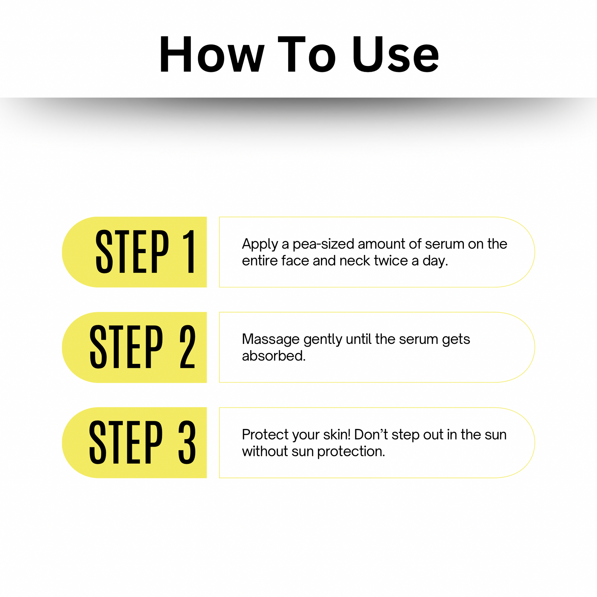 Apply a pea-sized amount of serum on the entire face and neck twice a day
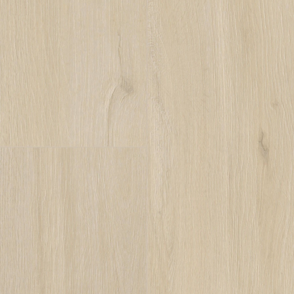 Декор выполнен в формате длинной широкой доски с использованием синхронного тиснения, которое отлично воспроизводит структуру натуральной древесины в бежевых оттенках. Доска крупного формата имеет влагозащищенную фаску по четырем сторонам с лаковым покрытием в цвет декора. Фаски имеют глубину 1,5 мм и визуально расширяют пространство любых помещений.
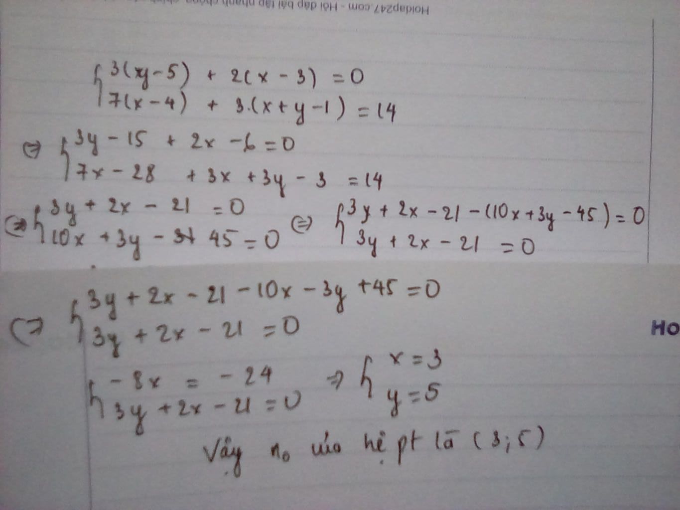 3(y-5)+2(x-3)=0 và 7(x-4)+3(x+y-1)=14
::::::
The problem:
Working from the listing above, retype it exactly but include no images.

Solution to this task:
 Apply a pea-sized amount of serum on the entire face and neck twice a day
 Декор выполнен в формате длинной широкой доски с использованием синхронного тиснения, которое отлично воспроизводит структуру натуральной древесины в бежевых оттенках. Доска крупного формата имеет влагозащищенную фаску по четырем сторонам с лаковым покрытием в цвет декора. Фаски имеют глубину 1,5 мм и визуально расширяют пространство любых помещений.
 3(y-5)+2(x-3)=0 và 7(x-4)+3(x+y-1)=14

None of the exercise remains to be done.